• **Task directions**:
Each line below from the "U-образная алюминиевая секция" line through the "Renais crônicos, pessoas" line, those two included, must be restated word for word; the pictures must not be.

• **Records supplied**:
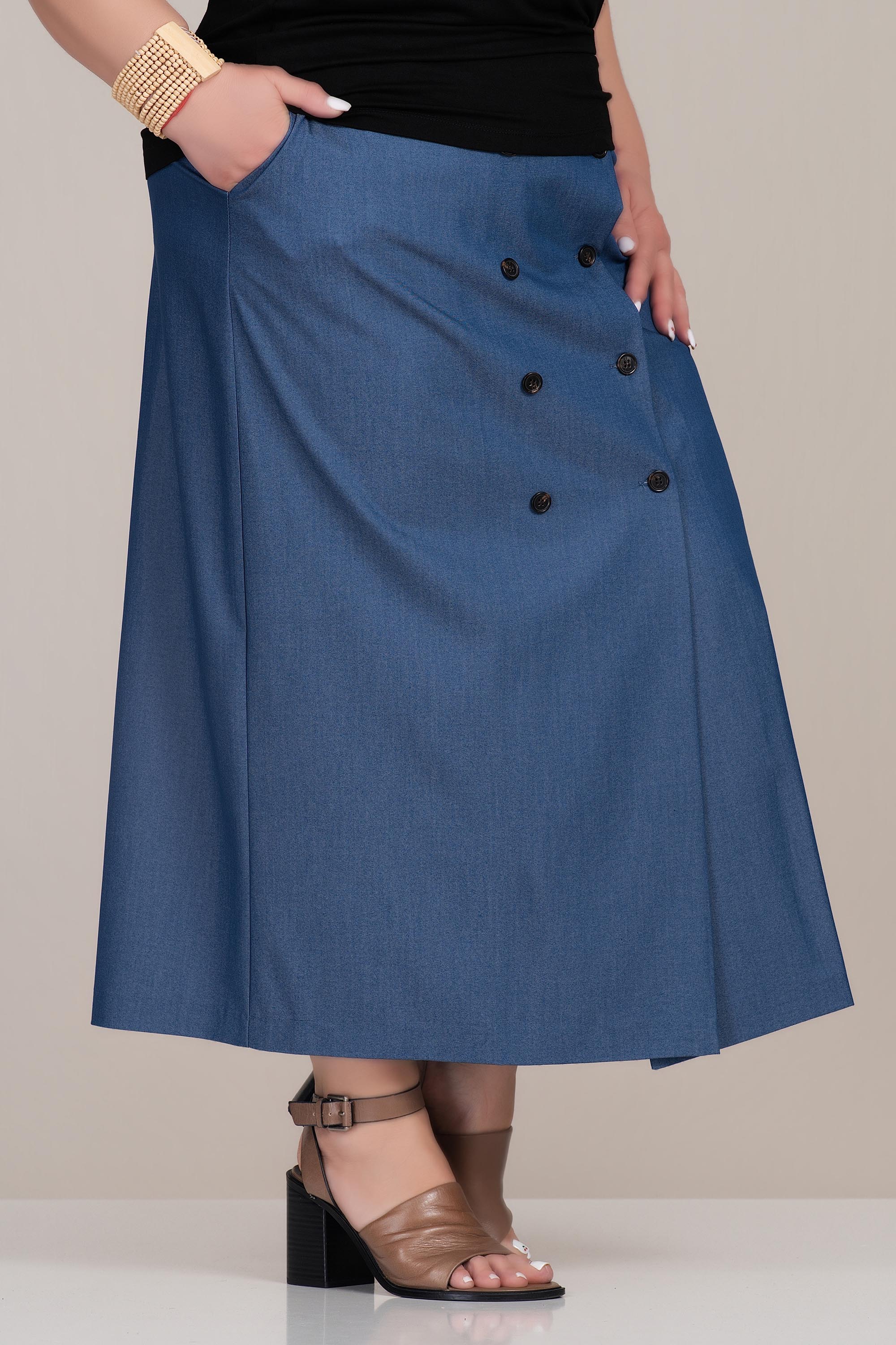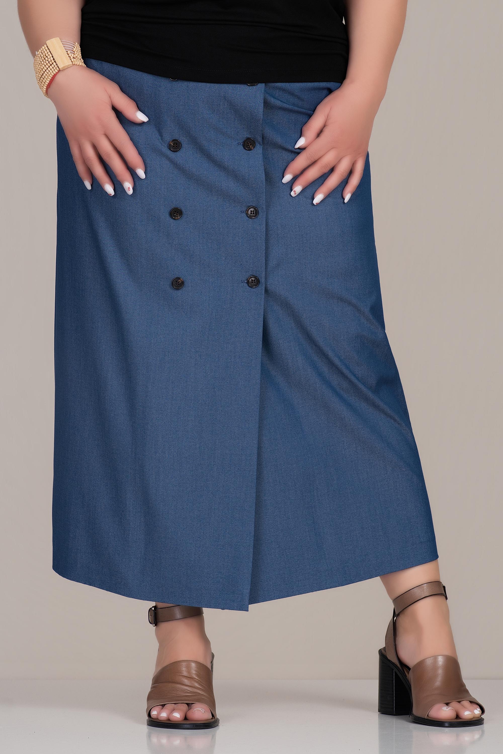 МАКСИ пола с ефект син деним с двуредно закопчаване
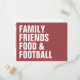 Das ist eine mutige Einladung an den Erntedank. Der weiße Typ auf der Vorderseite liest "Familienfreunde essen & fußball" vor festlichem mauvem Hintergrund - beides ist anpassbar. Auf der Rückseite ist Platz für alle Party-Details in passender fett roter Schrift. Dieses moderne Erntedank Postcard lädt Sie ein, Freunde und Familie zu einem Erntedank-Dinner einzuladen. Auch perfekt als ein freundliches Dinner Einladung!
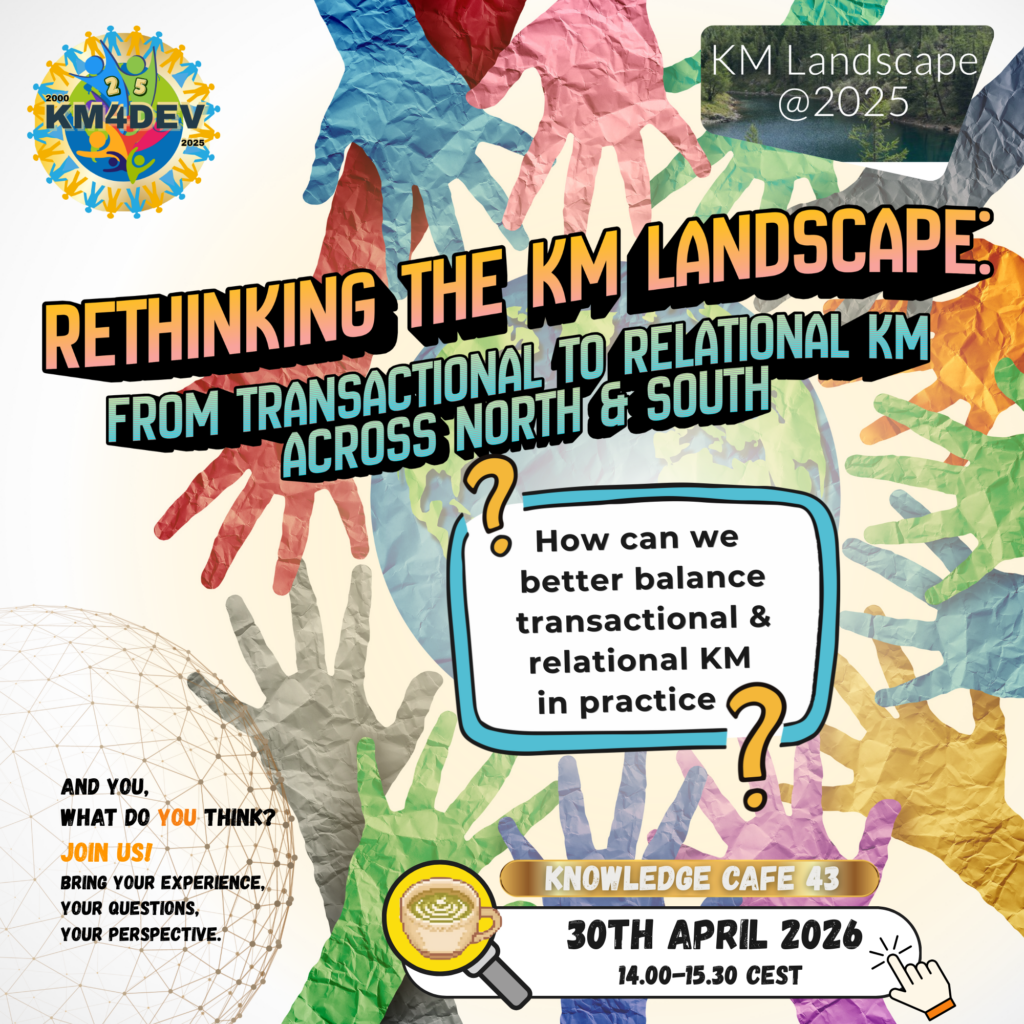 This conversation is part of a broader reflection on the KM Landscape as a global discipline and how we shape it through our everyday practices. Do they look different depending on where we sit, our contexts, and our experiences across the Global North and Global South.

---

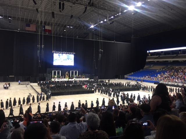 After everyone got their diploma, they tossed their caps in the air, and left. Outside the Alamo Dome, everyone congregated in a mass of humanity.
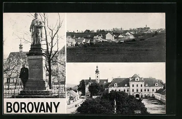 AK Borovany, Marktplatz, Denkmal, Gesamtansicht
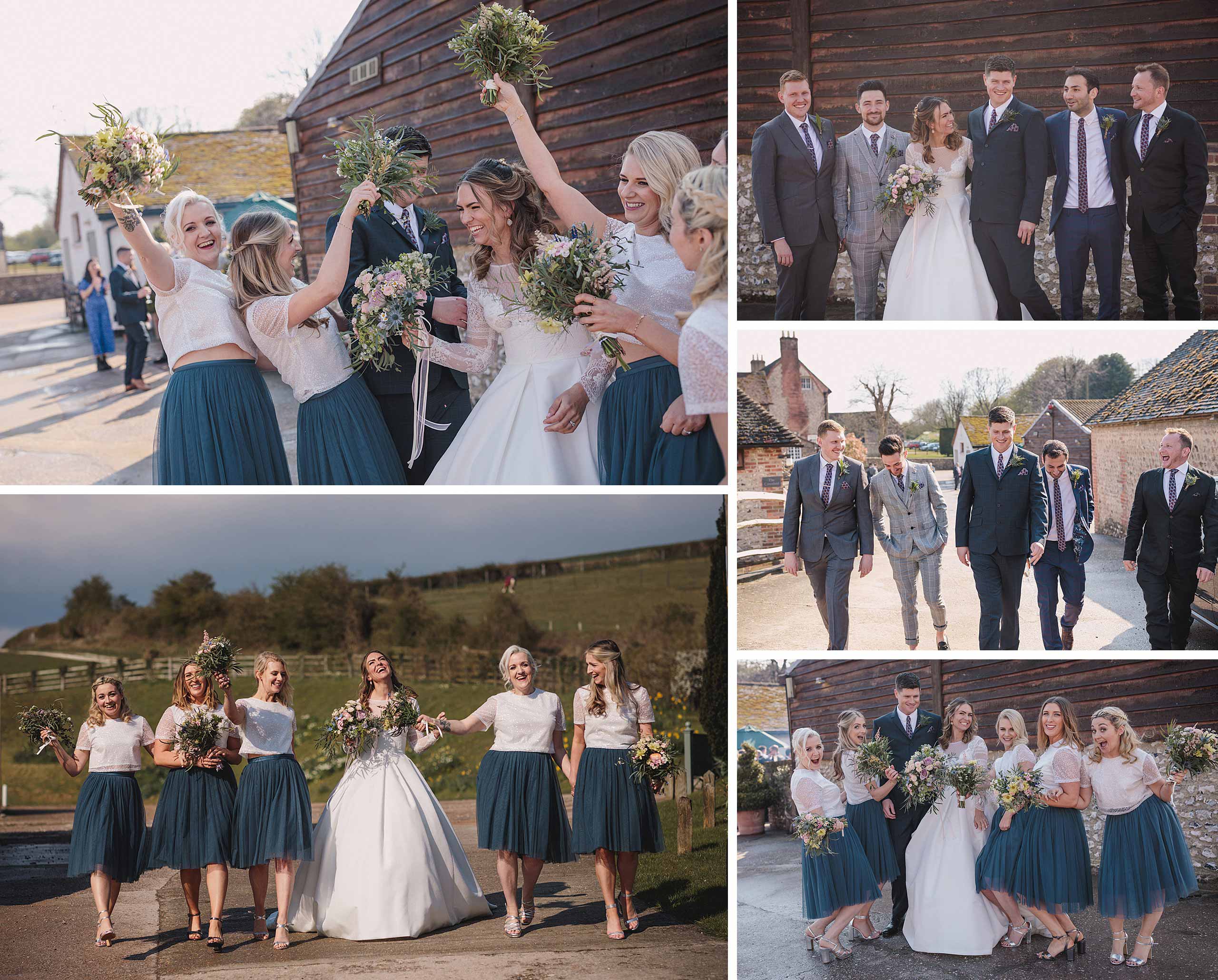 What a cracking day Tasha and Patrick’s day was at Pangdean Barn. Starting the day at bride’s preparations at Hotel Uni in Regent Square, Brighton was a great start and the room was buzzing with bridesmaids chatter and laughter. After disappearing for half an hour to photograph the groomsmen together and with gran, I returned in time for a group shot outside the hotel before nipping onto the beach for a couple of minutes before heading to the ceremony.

--

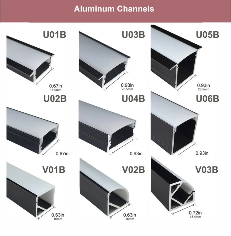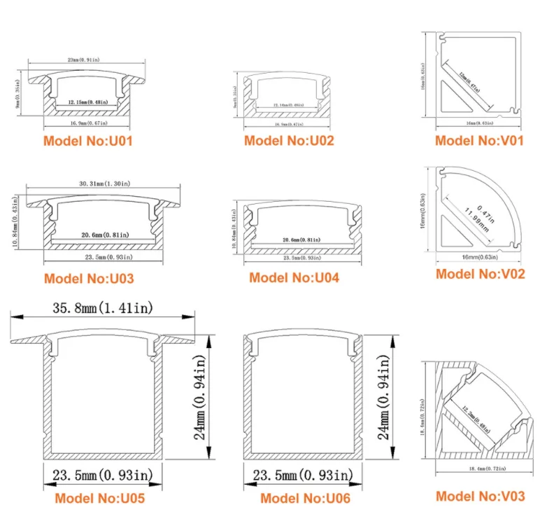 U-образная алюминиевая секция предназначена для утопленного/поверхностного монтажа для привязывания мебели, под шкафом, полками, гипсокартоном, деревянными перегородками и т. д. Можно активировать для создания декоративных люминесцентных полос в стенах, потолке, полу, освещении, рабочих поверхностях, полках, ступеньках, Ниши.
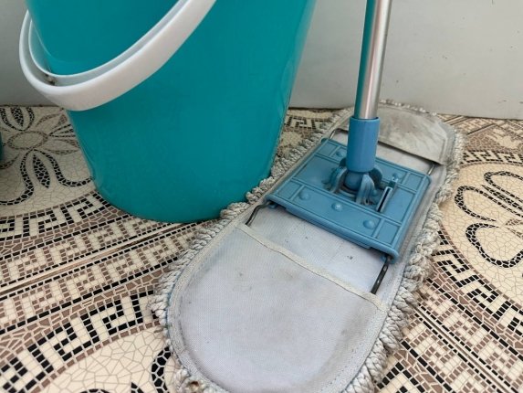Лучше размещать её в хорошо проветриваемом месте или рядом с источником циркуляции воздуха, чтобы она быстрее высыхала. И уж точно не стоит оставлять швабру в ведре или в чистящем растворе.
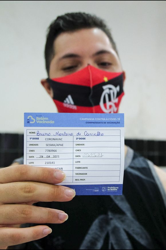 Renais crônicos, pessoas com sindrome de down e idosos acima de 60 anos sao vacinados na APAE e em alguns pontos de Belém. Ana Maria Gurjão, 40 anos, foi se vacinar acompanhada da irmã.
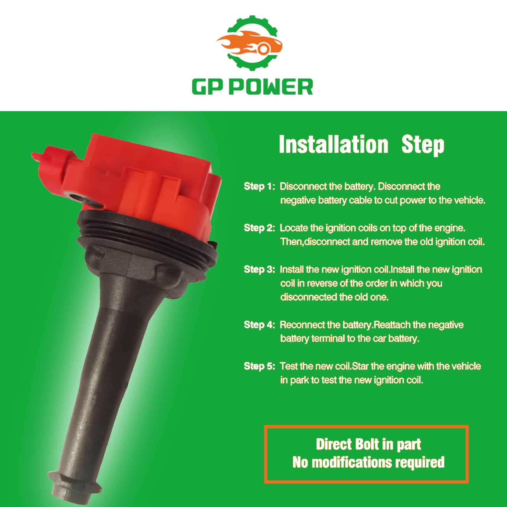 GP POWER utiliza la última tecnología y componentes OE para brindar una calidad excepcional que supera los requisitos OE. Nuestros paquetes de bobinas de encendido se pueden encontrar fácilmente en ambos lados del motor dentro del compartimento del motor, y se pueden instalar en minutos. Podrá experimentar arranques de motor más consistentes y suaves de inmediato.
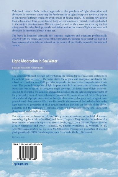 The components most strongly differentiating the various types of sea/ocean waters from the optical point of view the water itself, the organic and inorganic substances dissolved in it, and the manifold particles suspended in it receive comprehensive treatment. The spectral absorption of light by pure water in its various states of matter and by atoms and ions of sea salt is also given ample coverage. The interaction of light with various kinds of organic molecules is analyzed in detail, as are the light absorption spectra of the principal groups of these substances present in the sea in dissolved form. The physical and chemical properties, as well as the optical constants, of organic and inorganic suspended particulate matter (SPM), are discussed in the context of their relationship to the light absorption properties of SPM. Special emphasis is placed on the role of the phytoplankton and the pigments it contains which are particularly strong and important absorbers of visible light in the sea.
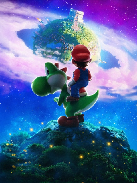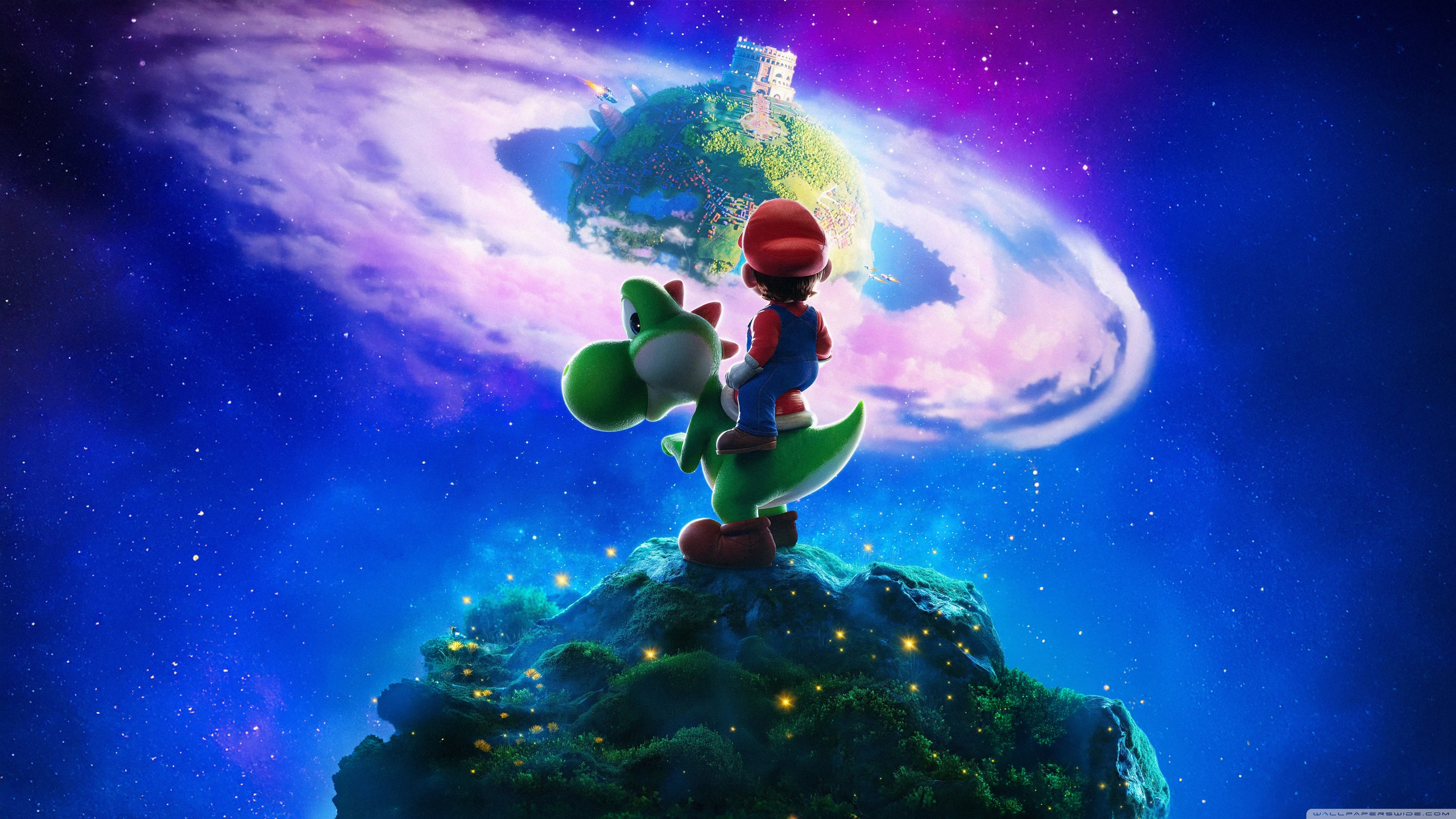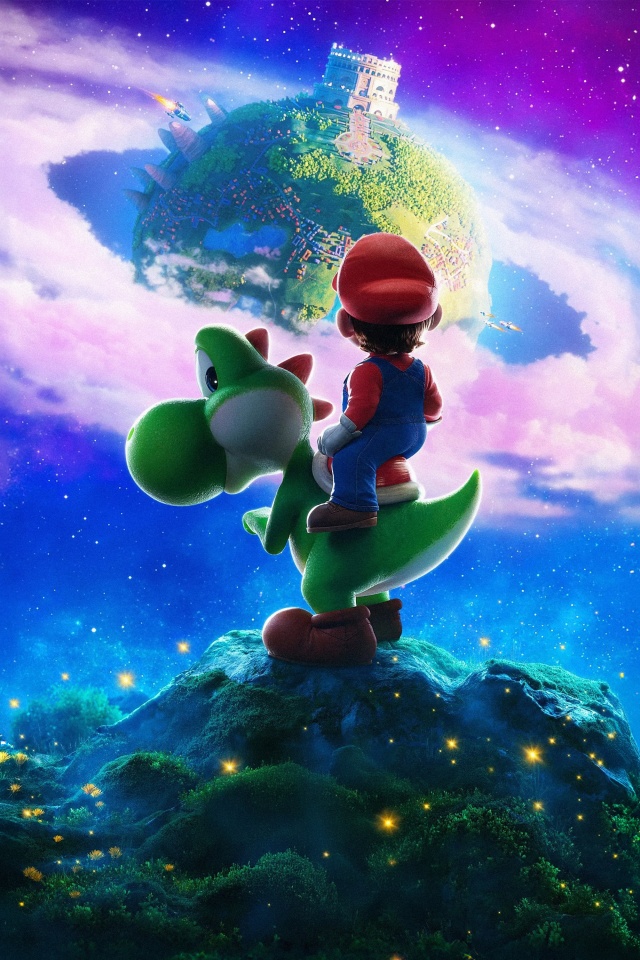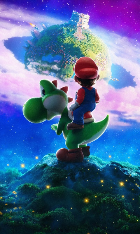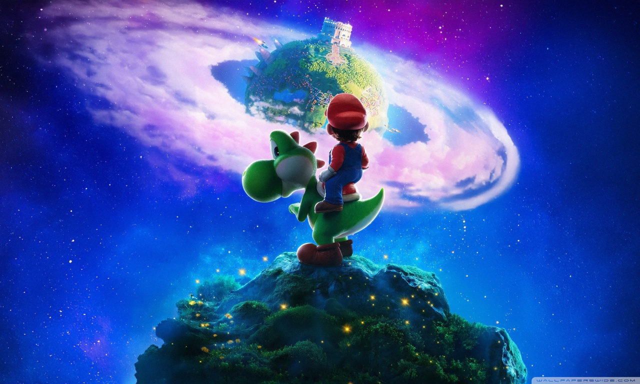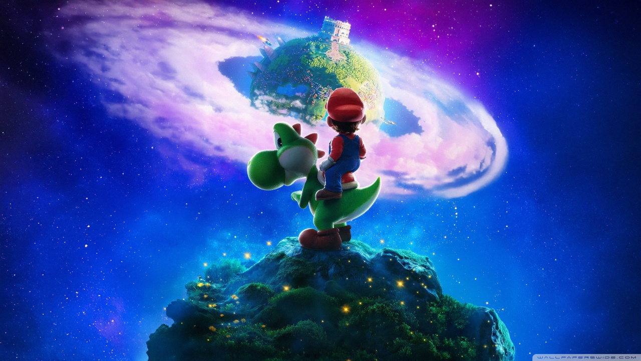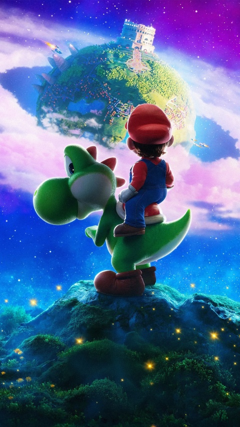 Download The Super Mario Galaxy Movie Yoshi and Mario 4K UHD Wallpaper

• **Answer to the exercise**:
 U-образная алюминиевая секция предназначена для утопленного/поверхностного монтажа для привязывания мебели, под шкафом, полками, гипсокартоном, деревянными перегородками и т. д. Можно активировать для создания декоративных люминесцентных полос в стенах, потолке, полу, освещении, рабочих поверхностях, полках, ступеньках, Ниши.
Лучше размещать её в хорошо проветриваемом месте или рядом с источником циркуляции воздуха, чтобы она быстрее высыхала. И уж точно не стоит оставлять швабру в ведре или в чистящем растворе.
 Renais crônicos, pessoas com sindrome de down e idosos acima de 60 anos sao vacinados na APAE e em alguns pontos de Belém. Ana Maria Gurjão, 40 anos, foi se vacinar acompanhada da irmã.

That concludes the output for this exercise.